Information shown section start
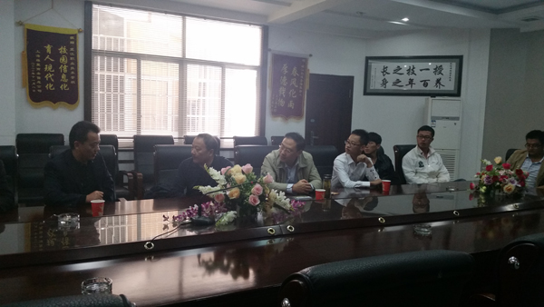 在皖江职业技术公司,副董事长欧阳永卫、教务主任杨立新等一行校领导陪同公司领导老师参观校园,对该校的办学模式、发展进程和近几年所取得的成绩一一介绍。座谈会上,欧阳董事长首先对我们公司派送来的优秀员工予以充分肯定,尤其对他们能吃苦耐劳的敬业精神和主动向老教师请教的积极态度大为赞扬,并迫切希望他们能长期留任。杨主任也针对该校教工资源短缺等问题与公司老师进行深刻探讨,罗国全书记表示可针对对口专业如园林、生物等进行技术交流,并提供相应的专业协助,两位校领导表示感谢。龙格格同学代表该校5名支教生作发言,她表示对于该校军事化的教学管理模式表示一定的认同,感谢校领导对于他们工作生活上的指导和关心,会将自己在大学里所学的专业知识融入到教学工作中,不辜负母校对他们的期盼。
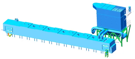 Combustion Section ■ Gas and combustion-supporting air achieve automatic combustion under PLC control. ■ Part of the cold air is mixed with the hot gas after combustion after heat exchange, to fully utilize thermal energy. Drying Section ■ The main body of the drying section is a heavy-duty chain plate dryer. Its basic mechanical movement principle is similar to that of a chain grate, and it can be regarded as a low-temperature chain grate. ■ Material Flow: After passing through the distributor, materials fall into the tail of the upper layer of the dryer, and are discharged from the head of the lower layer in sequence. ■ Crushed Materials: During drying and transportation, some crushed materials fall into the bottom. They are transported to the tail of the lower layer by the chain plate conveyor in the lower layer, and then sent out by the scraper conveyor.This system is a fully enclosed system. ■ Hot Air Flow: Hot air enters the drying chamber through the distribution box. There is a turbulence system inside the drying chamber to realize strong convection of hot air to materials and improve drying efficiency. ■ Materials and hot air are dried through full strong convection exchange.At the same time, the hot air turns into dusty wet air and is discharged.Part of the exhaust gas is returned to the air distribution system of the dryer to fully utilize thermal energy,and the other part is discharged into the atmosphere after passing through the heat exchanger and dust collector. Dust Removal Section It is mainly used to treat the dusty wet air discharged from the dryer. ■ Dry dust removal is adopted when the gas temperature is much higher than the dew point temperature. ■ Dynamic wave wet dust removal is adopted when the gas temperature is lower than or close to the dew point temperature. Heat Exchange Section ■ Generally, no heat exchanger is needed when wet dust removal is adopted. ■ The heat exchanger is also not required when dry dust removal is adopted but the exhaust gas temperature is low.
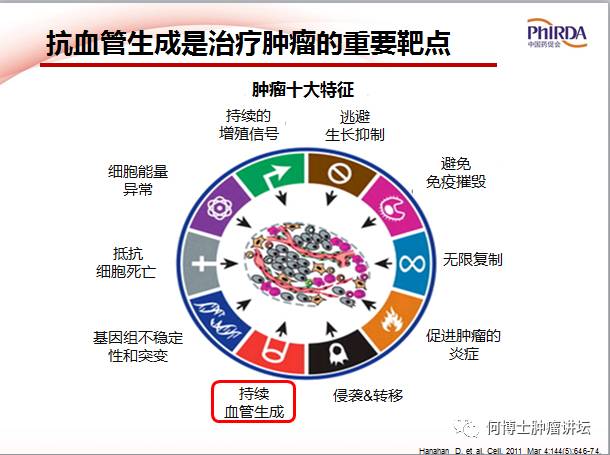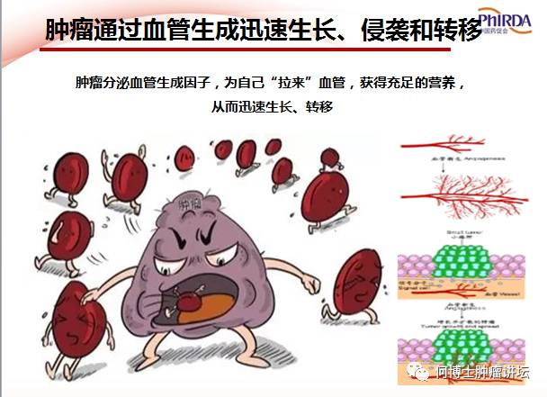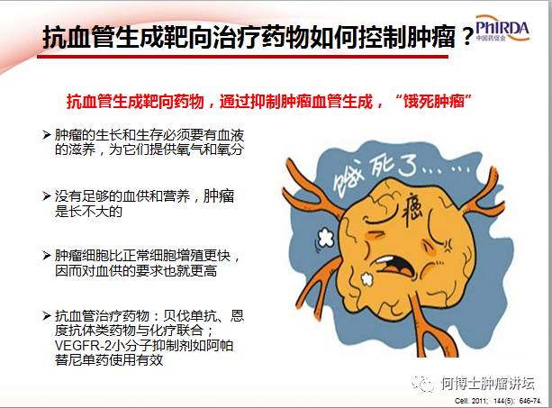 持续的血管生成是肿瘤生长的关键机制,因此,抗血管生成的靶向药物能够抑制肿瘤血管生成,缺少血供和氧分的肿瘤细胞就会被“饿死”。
Information shown section end
Write out the material above once more, exactly as it reads, with no pictures.

 在皖江职业技术公司,副董事长欧阳永卫、教务主任杨立新等一行校领导陪同公司领导老师参观校园,对该校的办学模式、发展进程和近几年所取得的成绩一一介绍。座谈会上,欧阳董事长首先对我们公司派送来的优秀员工予以充分肯定,尤其对他们能吃苦耐劳的敬业精神和主动向老教师请教的积极态度大为赞扬,并迫切希望他们能长期留任。杨主任也针对该校教工资源短缺等问题与公司老师进行深刻探讨,罗国全书记表示可针对对口专业如园林、生物等进行技术交流,并提供相应的专业协助,两位校领导表示感谢。龙格格同学代表该校5名支教生作发言,她表示对于该校军事化的教学管理模式表示一定的认同,感谢校领导对于他们工作生活上的指导和关心,会将自己在大学里所学的专业知识融入到教学工作中,不辜负母校对他们的期盼。
 Combustion Section ■ Gas and combustion-supporting air achieve automatic combustion under PLC control. ■ Part of the cold air is mixed with the hot gas after combustion after heat exchange, to fully utilize thermal energy. Drying Section ■ The main body of the drying section is a heavy-duty chain plate dryer. Its basic mechanical movement principle is similar to that of a chain grate, and it can be regarded as a low-temperature chain grate. ■ Material Flow: After passing through the distributor, materials fall into the tail of the upper layer of the dryer, and are discharged from the head of the lower layer in sequence. ■ Crushed Materials: During drying and transportation, some crushed materials fall into the bottom. They are transported to the tail of the lower layer by the chain plate conveyor in the lower layer, and then sent out by the scraper conveyor.This system is a fully enclosed system. ■ Hot Air Flow: Hot air enters the drying chamber through the distribution box. There is a turbulence system inside the drying chamber to realize strong convection of hot air to materials and improve drying efficiency. ■ Materials and hot air are dried through full strong convection exchange.At the same time, the hot air turns into dusty wet air and is discharged.Part of the exhaust gas is returned to the air distribution system of the dryer to fully utilize thermal energy,and the other part is discharged into the atmosphere after passing through the heat exchanger and dust collector. Dust Removal Section It is mainly used to treat the dusty wet air discharged from the dryer. ■ Dry dust removal is adopted when the gas temperature is much higher than the dew point temperature. ■ Dynamic wave wet dust removal is adopted when the gas temperature is lower than or close to the dew point temperature. Heat Exchange Section ■ Generally, no heat exchanger is needed when wet dust removal is adopted. ■ The heat exchanger is also not required when dry dust removal is adopted but the exhaust gas temperature is low.
 持续的血管生成是肿瘤生长的关键机制,因此,抗血管生成的靶向药物能够抑制肿瘤血管生成,缺少血供和氧分的肿瘤细胞就会被“饿死”。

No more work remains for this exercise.